The next tenant was JP Morgan-Chase, and No. 25 became home to “the London whale." Despite his best efforts, he didn't cause more than a $7 bn loss to JPM which survived.

As you may have read a JPM employee plunged to his death from No. 25, landing on the roof of a lower Canary Wharf commercial building. Beware the curse of No. 25.

Siemens is de-listing its SI ADR which it says has nothing to do with charges by Snowden that its internal communications were hacked by the NSA.

More follows from Britain, Spain, Israel, Canada, Norway, Ireland, and Singapore.

*The battle between Vodafone and Liberty Media is heating up according to a front-page article in today's Financial Times, with Spain the latest confrontation site. Its privately-owned cable firm Ono is reportedly in talks with both to sell for euros 7 bn or so, while also pondering an IPO. This is the latest round of confrontations between the two cash-rich groups, which sparred over German and Dutch telcos earlier. The FT also believes they may be interested also in Fastweb, of Italy as each seeks to build out media positions in Europe. LBTYA/K is backed by US billionaire John Malone while VOD has money paid by Verizon for ending their cellphone jv. The newspaper thinks Vodafone shareholders will be reluctant to overpay from their VZ windfall to buy in Spain. Your editor owns VOD (I hesitated to recommend it a half year ago); plus Comcast, a US contender for triple and quadruple media plays engaged in carve-ups too.

Separately, Moody's put Liberty's Dutch takeover target Ziggo on watch for a downgrade.

*Also in Spain, Sheila Bair, outspoken former head of our FDIC, joined the board of Santander,  a sound Euroland bank. SAN.

*Another day, another institutional buy of Paddy Power plc, this time 6.96 % by UBS. PDYPF barely trades its US ADR and funds buy blocks from each other.

*If there was ever a chance that Royal Bank of Scotland (RBS) could be returned to the private sector in time for next year's UK election, it ended with all the latest fines and charges, totalling up to GBP 8 bn. The delay adds to the security of our preferreds.
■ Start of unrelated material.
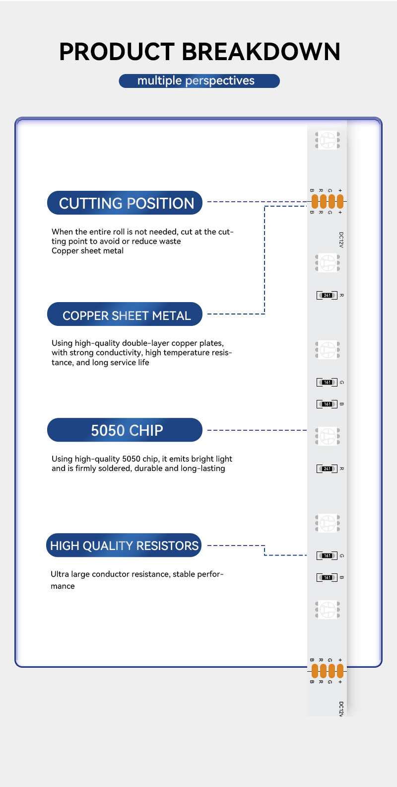 Consiga líneas perfectamente suaves y continuas de color vibrante con nuestro profesional Tira de LED RGB 5050 Diseñada para aplicaciones donde la consistencia visual impecable es fundamental, esta tira proporciona una cinta de luz uniforme que elimina las manchas y los gradientes, estableciendo un nuevo estándar de calidad en iluminación arquitectónica y comercial.

*Your editor could not persuade E-trade to convert her Norwegian pink sheet shares of Marine Harvest to the newly listed ADRs without having to telephone across the Atlantic to the supposed discount brokerage, which may also charge me $40 for the conversion after the 1:10 reverse split in Norway. They say it will take up to 4 weeks to boot. Sometimes cheap discount brokerages are dear. It is now listed as MHG on the Big Board. Readers should tell me if they had a better experience with another broker.

*Teva shares are up some more after our FDA approved its new 3x/week double-dose (40 mg) injections for multiple sclerosis using blockbuster drug Copaxone. This extends the patent to 2030.
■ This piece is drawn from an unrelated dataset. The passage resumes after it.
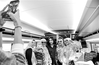 ③10月17日,印度尼西亚雅万高铁正式开通运营,乘客在行驶中的雅万高铁高速动车组列车车厢内拍照。新华社发

*Global Logistics Properties announced four big new leases, two in Tianjin for Sanky, one in Suzhou for Lightnin' in the Box, an on-line retailer, and another for retailer Watson in Wuhan. The total new leases is for 43 thousand square meters. GBTZF is Singaporean and operates also in Japan and Brazil, directly and via jv's with sovereign wealth and retirement funds.

*Bombardier got upgraded to market perform by analysts at Scotiabank yesterday giving BDRAF a C$4.75 target price.

*CAE unveiled a maternal fetal simulator called Fidelis yesterday at a healthcare simulation conference. While its main business is flight simulators, the Canada firm is diversifying into medical. It also was designated exclusive training provider for France's new Dassault Falcon 5x fighter plane.

*GlaxoSmithKline warned European doctors that it faces a shortage of chickenpox vaccines given singly or in combination jabs with measles, mumps, and rubella after a Belgian sub-standard plant was shut down.

*CIBC did a roundup of how to play gold these days in which it wound up recommending a bunch of juniors plus Barrick, ABX, which we sold. We own its bonds.